2016年の日本は、おそらく政治的に最も安定した国の一つでした。しかし、年金分野では変化への助走が始まった年でもあります。一つには、確定拠出年金の全勤労世代への加入資格の拡大と、運用商品に関する新ルール導入の議論があげられます。もう一つは日銀のマイナス金利政策です。低金利は企業年金運営のコストとリスクを増加させます。この2つのファクターは制度設計と資産運用の両面において、年金ガバナンスをより重要なものにしていくでしょう。

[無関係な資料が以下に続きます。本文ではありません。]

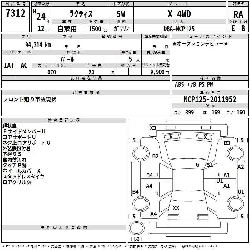 Toyota RACTIS с аукциона Японии TAA Hokkaido лот № 7312
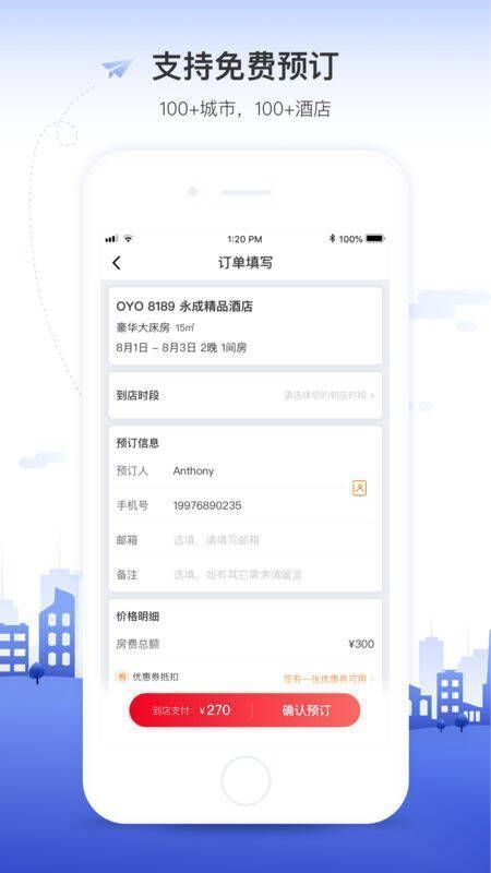 2. 免费预订:只需搜索目的地,就能查看当地所有OYO酒店,无需预付费用,一键轻松订房。
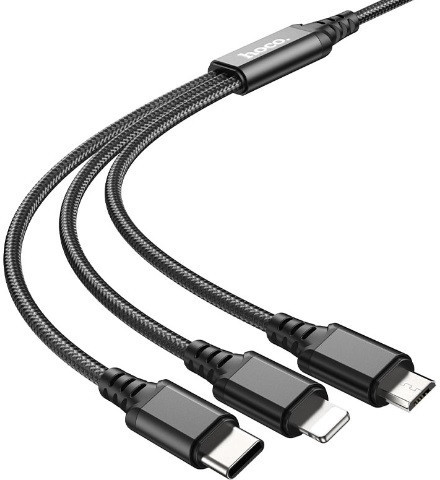 - HOCO X76 3-in-1 Super charging cable(Lightning/Type-C/Micro) BlackHOCO X76 3-in-1 Super charging cable(Lightning/Type-C/Micro), Black

2016年のウイリス・タワーズワトソンのグローバル・ベネフィット・アティテュード・サーベイでは、興味深い結果が明らかになりました。調査は12か国で実施されましたが、最も重要な貯蓄手段は企業年金制度であると回答した人が、前回の2014年調査から群を抜いて増えたのが日本でした。また、退職後25年間安心して生活するのに十分な資産があると考える人は20%に満たなくて、将来の経済的基盤に確信がもてない状況が浮き彫りになりました。平均余命が延びている中で、これは大きな懸念事項です。そのような不安感は仕事の生産性をダウンさせ、体調不良をもたらすストレスの主原因であることが証明されました。日本のような高齢化社会では、アクションをおこさなければ問題はさらに悪くなるということを、事業主は強く認識しておく必要があるでしょう。

昨年12月に国会で、将来の公的年金給付の増加率を減じる法案が可決されました。政府が今後、高齢化社会の到来と労働人口の縮小を前提に、どのように社会保障制度や労働市場を改革し、女性活用と外国人移民に対処していくのか、見守っていく必要があります。これらすべてが従業員福利厚生制度にも影響を与える問題になります。

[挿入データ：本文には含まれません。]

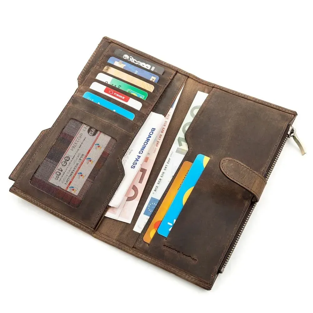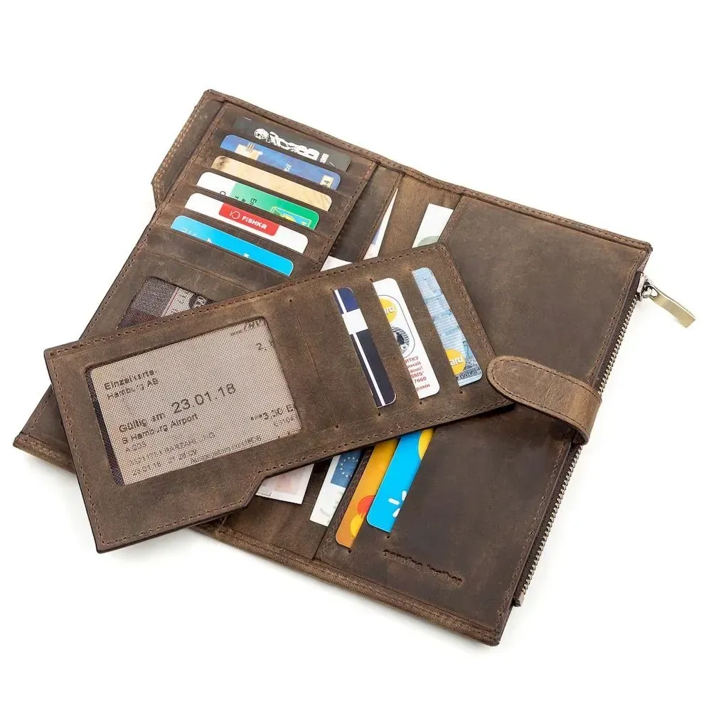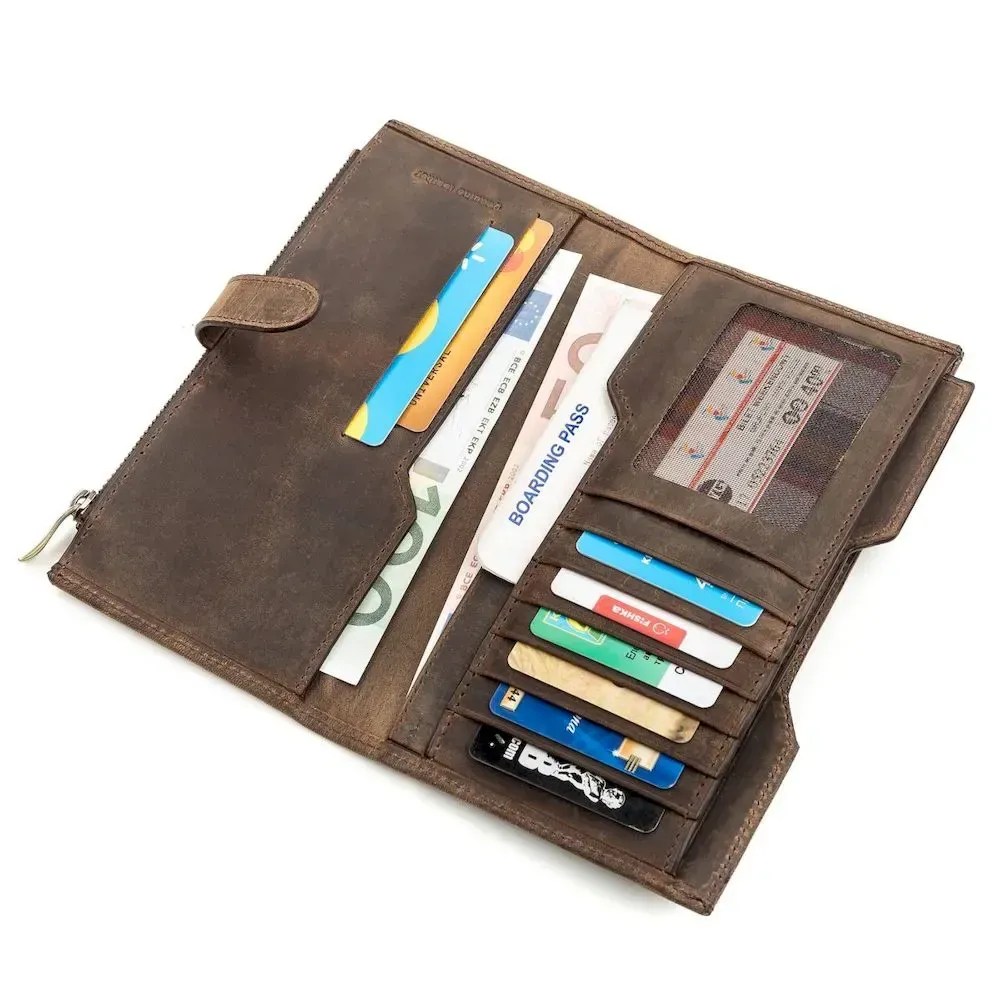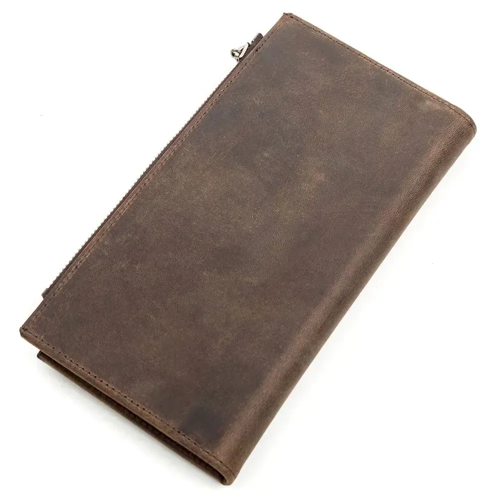 Функціональний вертикальний гаманець з вінтажної шкіри, для якої характерні потертості та неоднорідність забарвлення. Через це вироби з такої шкіри довше мають презентабельний зовнішній вигляд. В аксесуарі використана якісна та стильна фурнітура. Відмінна ідея для подарунка, яка не залишить байдужою жодного чоловіка.

グローバルに事業展開されている日本企業は、世界中のあらゆる変化にアンテナをはっておく必要があります。ウイリス・タワーズワトソン東京オフィスでは32名のリタイアメント&ベネフィット分野のエキスパートが、ヒューマンキャピタル&ベネフィット・グループの75名のタレント&リワード分野のエキスパートとともに、こうしたお客様のニーズにお応えしています。わたくしたちは世界各国のコンサルタントとグローバル・ネットワークを形成しておりますので、世界のどこかで何かが起こっても、皆様を支援させていただくことができます。

ウイリスとタワーズワトソンの合併で始まった2016年はウイリス・タワーズワトソンにとっても、エキサイティングな一年でした。私たちはこれまでよりもより多くの場面で皆様のお役に立つことができるようになったことをとてもうれしく思っています。

2017年の皆様のご多幸とますますのご活躍をお祈りいたします。